As for other bidding such as garbage removal, let me tell you something. I had steel garbage bins from a local company. I talked to a salesman from a national company who offered it cheaper. I signed up. A few months later, they added a fuel surcharge and my monthly bill was higher. I debated this with the salesman, and he said sorry, I can’t help you because of rising costs. I spoke to the local provider again and got a better quote. I called the current provider, they gave a big rant that everyone is doing it and how I was dealing with a national company and then he offered to beat it and lock in that price for 5 years. I said I’ll only do it if you write in there that there is no fuel surcharge. He did. I stayed with the current provider, but put the bills on my credit card this time and signed a 5 year contract.
A few months later, guess what happened?
They added a monthly administrative fee and environmental fee which made it a lot higher.
I was furious and phoned the salesman about my garbage bill doubling. He said sorry, I’ll take it up with my manager.
The salesperson ducked my calls and I left several angry voice mails. I threatened to take them to small claims court. Then I told their accounting department to cancel it and get their bins the f out of here.
They slapped me with a bunch of cancellation penalties. I threatened again to take them to small claims court. He told me the fine print allows him to do that and he ignored me again. I challenged him and said it specifically doesn’t say that, and that his response was a way too creative interpretation of some of the clauses. They didn’t care if I’d take them to small claims court.
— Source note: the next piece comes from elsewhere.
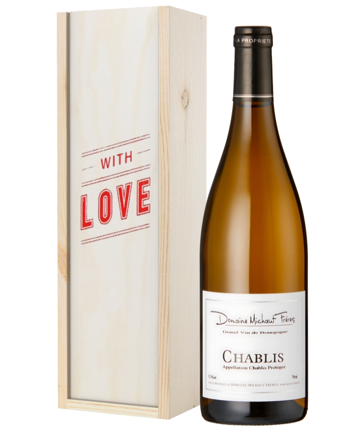 What better way to celebrate Valentine’s Day than with an extra special bottle of white wine? Treat you and/or your loved one to a single bottle of French Chablis white wine to enjoy over a romantic meal together. It’s beautifully presented in one of our wooden gift boxes with ‘With Love’ printed on the lid and wood wool lining for protection. It’s every white wine lover’s dream! You can complete this gift with a personalised message and have it delivered anywhere in the UK with next day or selected date delivery. So no matter where you are or how you’re celebrating, you can do it in style with this exceptional white wine gift.

I finally had the last laugh when I filed a fraud complaint with my credit card company and the credit card company investigated it and reversed the credit card charges.
GR makes it sound so easy to cut these expenses. But, often it’s not. If they could lower it, why wouldn’t they do it to make the property more marketable. Often it’s a lot of wasted time and stress and it doesn’t come down. It might come down and that’s icing on the cake, but don’t count on buying this property and cutting those expenses in half. Base your decisions on the tax returns of the history of that property and what you know about the current political climate, otherwise, you’re asking for trouble.
At 7,000 square feet with 85% occupancy making $125K a year with $122K in operating expensive, I really can’t see the upside on this property. It’s a recipe for bankruptcy. Keep your money in a government insured savings account ready for a real deal when it shows up because it will when you least expect it. Don’t buy on emotion.